The measures will only have an impact after several weeks, if not months. Take infrastructure, now on the fast track. Though over a dozen projects in the roads sector have been approved by the cabinet, it would take at least a few months before the funds are tied up and project implementation can begin. "The stimulus package is not instant coffee. There’s always gestation time. The downturn will continue for some months till the money flow begins. The package, meanwhile, will help create expectation and infuse confidence," states Gajendra Haldea, advisor, Planning Commission.
For the time being, all efforts are on to ensure funding from agencies like the World Bank does not dry up due to improper implementation of projects. Haldea also says that if there is a demand, the government will provide more infrastructure stimulus packages.
More relief is also around the corner, particularly for labour-intensive sectors, promises commerce secretary Gopal K. Pillai. "A few more steps like direct relief to the housing sector through easier loans are in the pipeline. In the case of non-banking financial companies (NBFCS) which are still choked, a plan to ease ECB (external commercial borrowing) to help them recapitalise may be coming soon," says Pillai. Part of the package is already directed at easing the credit line to NBFCS and small and medium enterprises.

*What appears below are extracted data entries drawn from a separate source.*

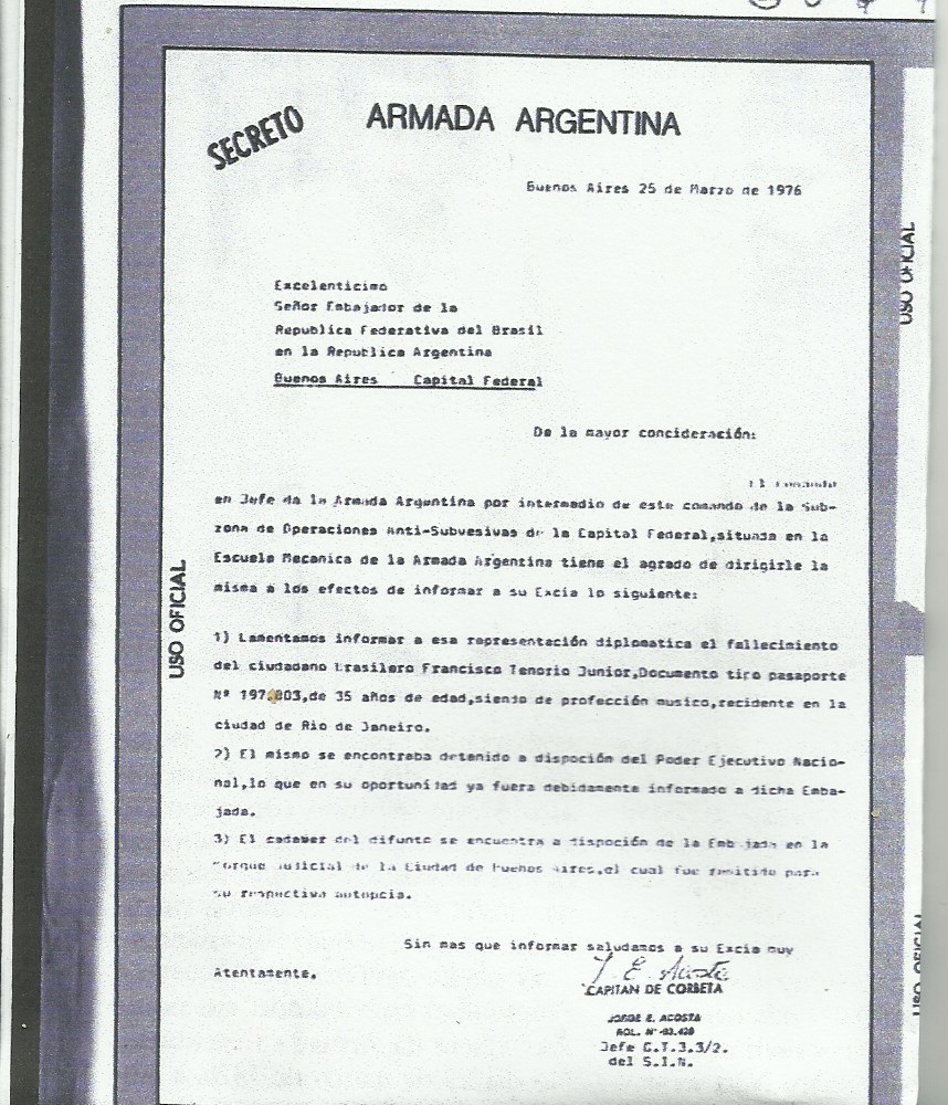 Documento descoberto no arquivo da Escola de Mecânica da Armada, a temível ESMA, comprova que o músico Francisco Tenório Junior morreu sob torturas. Trata-se de um oficio enviado ao embaixador do Brasil na Argentina pelo Capitão de Corveta Jorge Acosta, comunicando a morte do músico nas instalações da ESMA.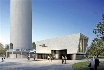 项目占地面积约174.4平方米,总建筑面积约345平方米,估算总投资造价约243万元,为原有保留建筑的提升改造项目。一层层高4米,二层层高5米,主要布置展示空间,并搭设与大烟囱连接平台。立面采用现代手法,仿清水混凝土外墙及轻钢玻璃雨棚,考虑与大烟囱和周边工业建筑融合呼应。目前已完成施工图设计,进入施工招标,力争2018年底开工建设。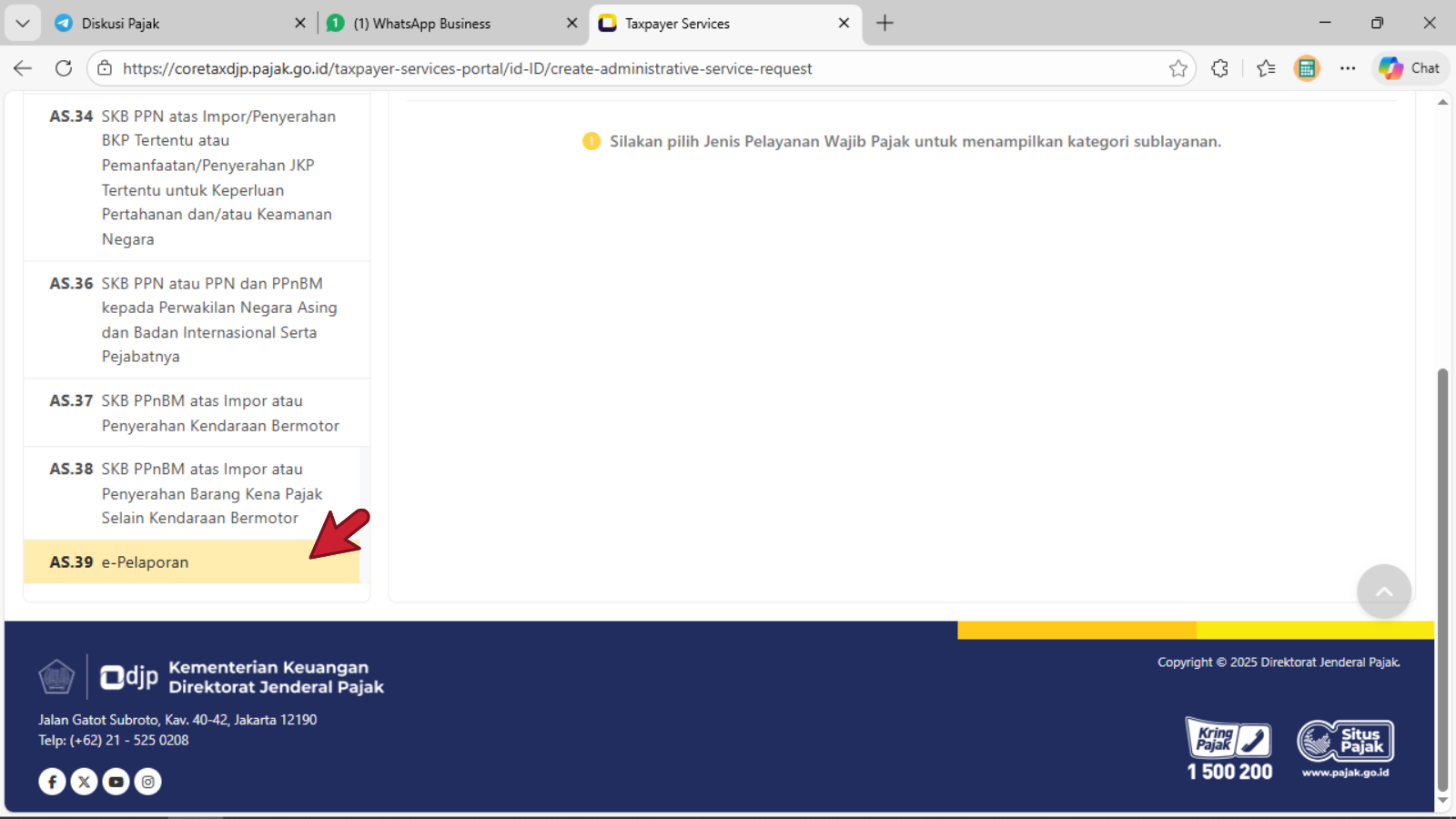 - Sisi kanan : Jenis Pelayanan Wajib Pajak (PERHATIKAN)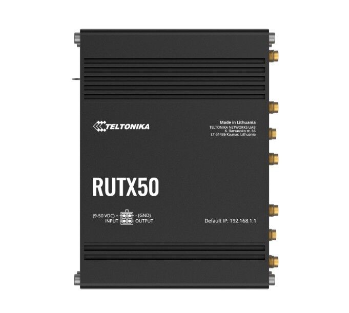 Teltonika RUTX50 Industrial 5G Router, 5G dual SIM cellular, 5 Gigabit Ethernet ports, dual-band WI-Fi, PSU included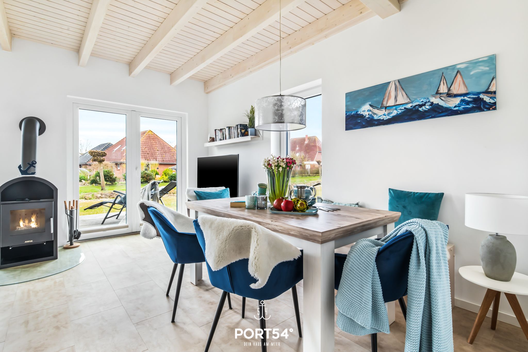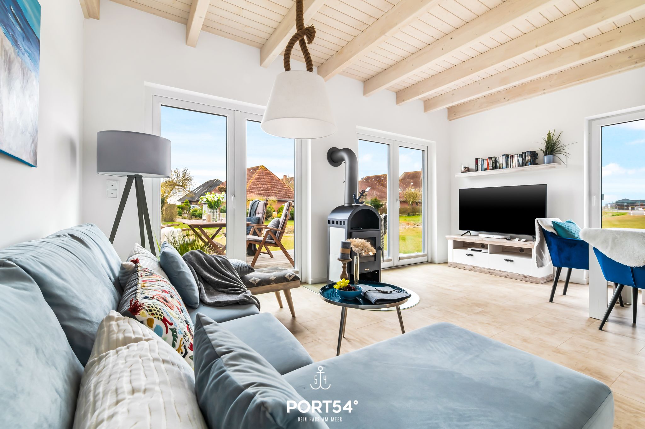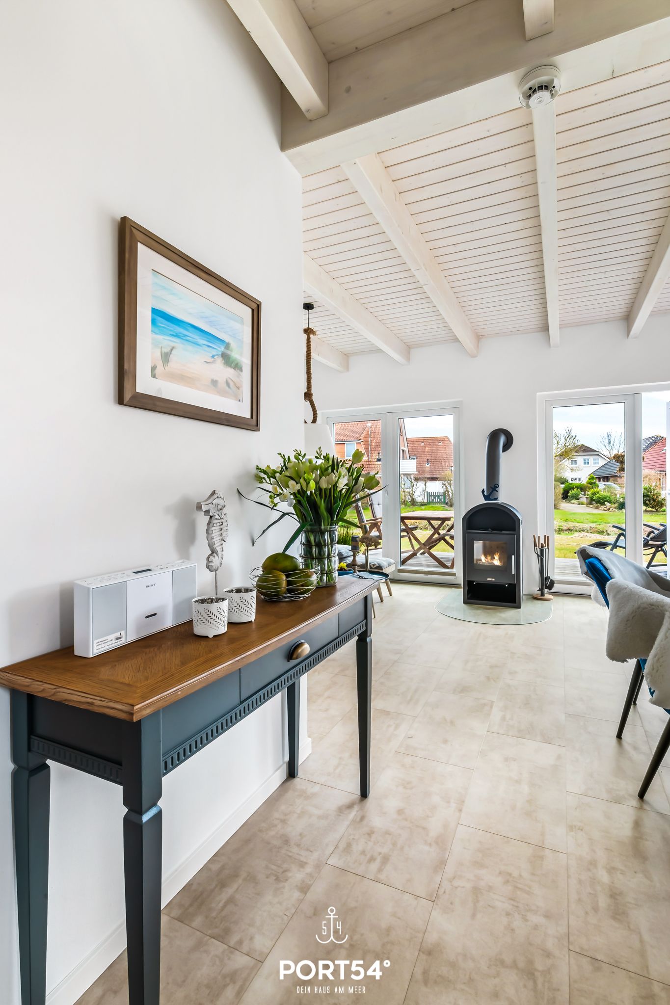 Das Ferienhaus "Perlenhus" befindet sich am Rand des Resorts und lädt zu einem erholsamen Nordseeurlaub ein. Das Ferienhaus verfügt über zwei Etagen mit ungefähr 88m² Wohnfläche. Die Wohnfläche teilt sich in ein geräumiges Wohnzimmer mit Essbereich, separater Küche, zwei Schlafzimmer und zwei Badezimmer auf. Der offene Wohn- und Essbereich mit großer Fensterfront und Zugang zur Terrasse hat einen schönen Essbereich, sowie ein gemütliches Sofa, von dem Sie entspannt ein Buch lesend den Kindern beim Spielen zuschauen oder einen Film auf dem großen Flachbild-Fernseher schauen können. Der Kamin im Wohnbereich bietet mollige Wärme an kalten Tagen, oder nach einem ausgiebigen Spaziergang an der Nordsee. Nach langen Wattwanderungen oder bei stürmischen Nordsee Tagen können Sie sich in der Infrarot-Sauna wieder aufwärmen und die Seele baumeln lassen. In der umfangreich ausgestatteten Küche finden Sie alles, was Sie für den nächsten Kochabend brauchen. Im ersten Obergeschoss erwarten Sie zwei Schlafzimmer, sowie ein

There are indeed grave issues that need to be tackled quickly. With the fiscal deficit expected to touch 10 per cent of GDP, the government lacks the funds to go in for a major infusion. Meanwhile, industry remains downbeat, as access to funds, including those from overseas, is not easy. Instead of aggressively pushing growth—particularly in the sme sector, which accounts for the bulk of India’s manufacturing and exports—Yes Bank chief economist Subhadha Rao points out, "the policy focus has shifted to sector-specific needs since October".
The fear, of course, is further job losses if the economy slows down even more. Despite government efforts to rubbish such reports, they may well come true. That won’t help matters in an election year.